Turin Turambar was my vote, but Eru has seen and been to the most places of everyone, so.....


----------



## Gothmog (Jun 29, 2022)

Elbereth Vala Varda said:


> Turin Turambar was my vote, but Eru has seen and been to the most places of everyone, so.....


While it is true that Eru has seen every place in Arda, both above and below ground. He has only actually been to Cuiviénen to place the first Elves, wherever it was that he placed the first Men and to Aman to halt the invasion of the Numenorians and re-shape the world.


----------



## d4rk3lf (Jun 29, 2022)

Gothmog said:


> While it is true that Eru has seen every place in Arda, both above and below ground. He has only actually been to Cuiviénen to place the first Elves, wherever it was that he placed the first Men and to Aman to halt the invasion of the Numenorians and re-shape the world.



Ummm.. I don't think that beings like Eru, or Christian God can be viewed like this. 
Since they are perfect, they are basically present at any place in any time... they are perfect... they don't interfere, but they are present... 
If they are not present everywhere, wouldn't that make them less.. perfect? 

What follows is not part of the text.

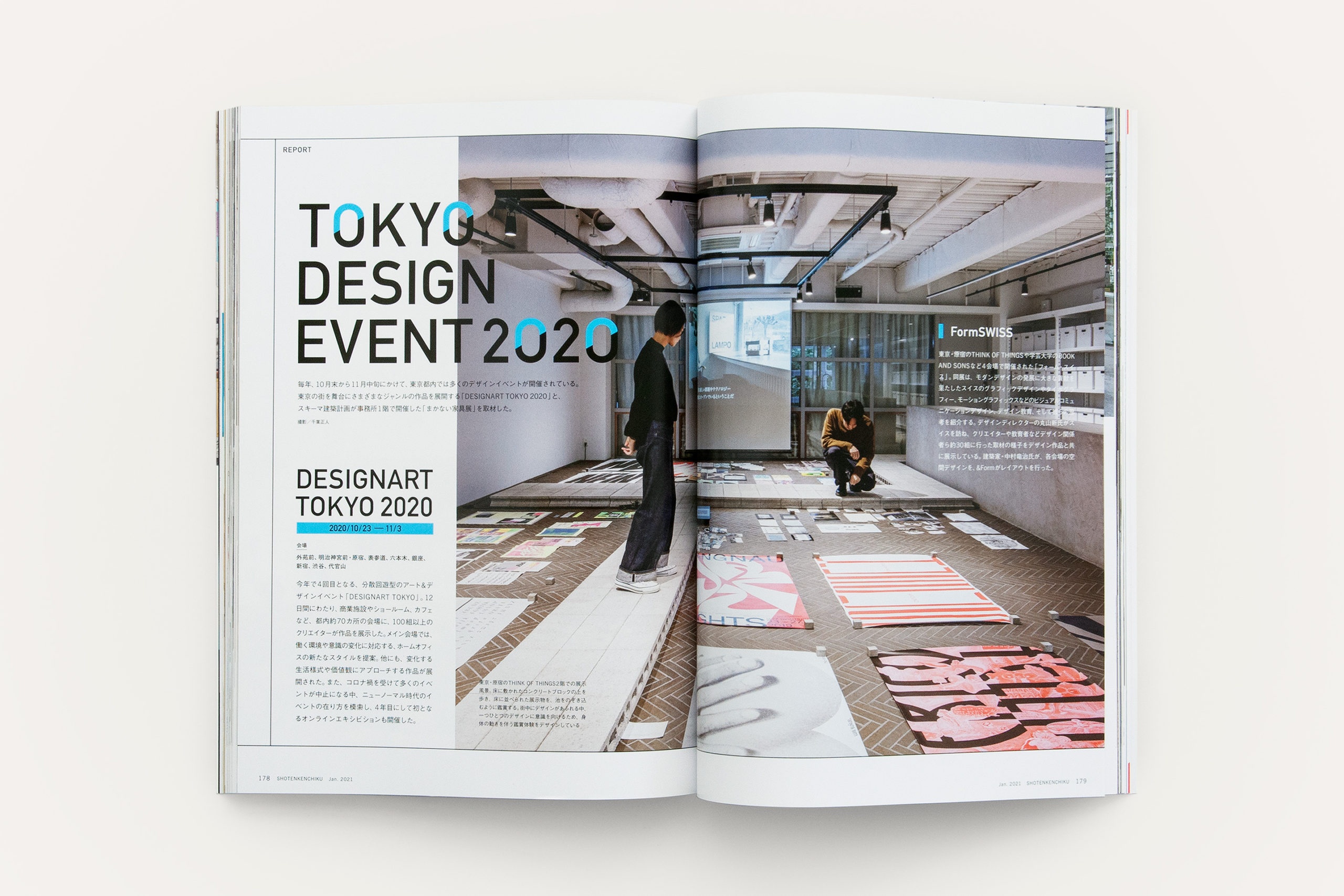日本の店舗デザインを中心とする商業建築デザインを国内外へ幅広く紹介している専門誌『商店建築』2021年1月号にて、Form第一回目となる「FormSWISS展」をレポートして頂きました。昨年秋に東京で行われた主要デザインイベント特集の巻頭ページ(P.178-180)に掲載されています。是非ご覧下さい。

Sorry for of topic , didn't want to venture into theological discussion. 
If you think about it.... isn't Valars also shown as being that strongest by being able to be in multiple places at the same time? 
Manwe being the best, since he can watch everything through the eyes of his eagles. 
Ulmo, being the second one, and able to be present everywhere where water is.


----------



## Gothmog (Jun 29, 2022)

d4rk3lf said:


> Ummm.. I don't think that beings like Eru, or Christian God can be viewed like this.
> Since they are perfect, they are basically present at any place in any time... they are perfect... they don't interfere, but they are present...
> If they are not present everywhere, wouldn't that make them less.. perfect?
> 
> ...


 
Letter 131 To Milton Waldman


> The cycles begin with a cosmogonical myth: the Music of the Ainur. God and the Valar (or powers: Englished as gods) are revealed. These latter are as we should say angelic powers, whose function is to exercise delegated authority in their spheres (of rule and government, not creation, making or re-making). They are 'divine', that is, were originally 'outside' and existed 'before' the making of the world. Their power and wisdom is derived from their Knowledge of the cosmogonical drama, which they perceived first as a drama (that is as in a fashion we perceive a story composed by some-one else), and later as a 'reality'. On the side of mere narrative device, this is, of course, meant to provide beings of the same order of beauty, power, and majesty as the 'gods' of higher mythology, which can yet be accepted – well, shall we say baldly, by a mind that believes in the Blessed Trinity.


Eru is not the Christian God so there is no point in bringing that as proof of anything within the stories. While you can indeed show that each of the Valar have in all probability been to every point in Arda at some time during the creation of Arda, Eru remained outside of the creation watching only except for the placing of the Eruhini and the re-shaping of the world.


----------



## d4rk3lf (Jun 29, 2022)

Gothmog said:


> Letter 131 To Milton Waldman


I am really not trying to contradict you, and perhaps, my poor English language skills (in both writing and understanding) are responsible, but I really fail to understand what that quote is having in common to my post. 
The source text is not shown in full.